Sen. Mark Warner, D-Va., left, meets with FBI Director nominee Christopher Wray in Warner’s office on Capitol Hill in Washington, Thursday, July 13, 2017. (Pablo Martinez Monsivais / Associated Press)
By Mark Niquette and Alan Bjerga Bloomberg

WASHINGTON – The top Democrat on the Senate Intelligence Committee Sunday called for more investigation into the digital activities of Donald Trump’s campaign, out of concerns about Russian-directed misinformation efforts to influence the election.

Sen. Mark Warner of Virginia said he wants to look into the activities of Cambridge Analytica, a data firm that advised Trump’s campaign, and Trump’s digital efforts during the campaign because of how false stories about Hillary Clinton were circulated online.

“The ability to manipulate these search engines and some of these social media platforms is real, it’s out there,” Warner said on CNN’s “State of the Union.” “We need information from the companies, as well as we need to look into the activities of some of the Trump digital campaign activities.”

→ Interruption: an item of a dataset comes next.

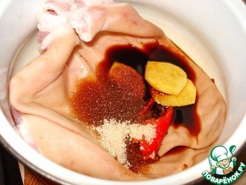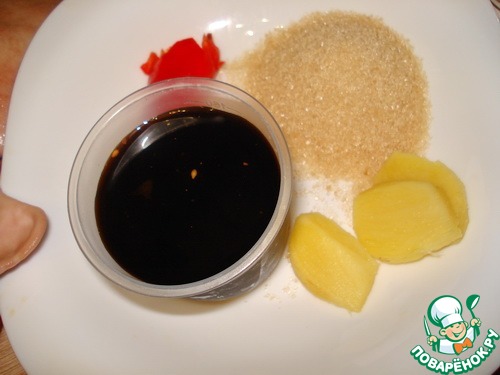 Для варки ушей нам понадобится: соевый соус Kikkoman, имбирь, тростниковый сахар и немного перца чили.

On CBS’s “Face the Nation,” Warner said there was a series of “trolls” or paid individuals who worked for Russian services that tried to interfere in the election and disseminate fake news.

The comments came as FBI and congressional committees continue to investigate Russian efforts to influence the 2016 presidential election, and whether members of Trump’s campaign cooperated. Questions intensified after revelations last week that the president’s son, Donald Trump Jr., met in June 2016 with a Russian lawyer whom Trump Jr. believed to have had information damaging to Clinton. Also at the meeting were Trump’s son-in-law Jared Kushner and campaign manager Paul Manafort.

Jay Sekulow, one of Trump’s personal attorneys, appeared on Sunday talk shows to say the meeting didn’t violate the law and that the president wasn’t aware of the meeting and didn’t participate.

“I wonder why the Secret Service, if this was nefarious, why the Secret Service allowed these people in,” Sekulow said on ABC’s “This Week.” “The president had Secret Service protection at that point, and that raised a question with me.”

On CNN, Warner pointed to what he called a “convenient pattern” of Kushner, now a senior White House adviser, and other members associated with the Trump administration having to amend disclosure forms to add meetings with Russians that they had neglected to report earlier.

“I’m not sure why we take anybody in the senior level of the Trump administration at their word,” he said. “That’s why it’s so important that we’re going to get a chance to question these individuals and try to actually nail down the truth.”

Warner has said Trump Jr. is likely to be called to testify, and he said on CNN that he would also like to hear from Kushner and others.

After the younger Trump published emails related to the meeting on Twitter, pre-empting their release by the New York Times, a former Russian counterintelligence officer also said he was present at the meeting. The emails contradicted months of White House contentions that investigations of possible campaign collusion with Russia were nothing more than a “witch hunt.”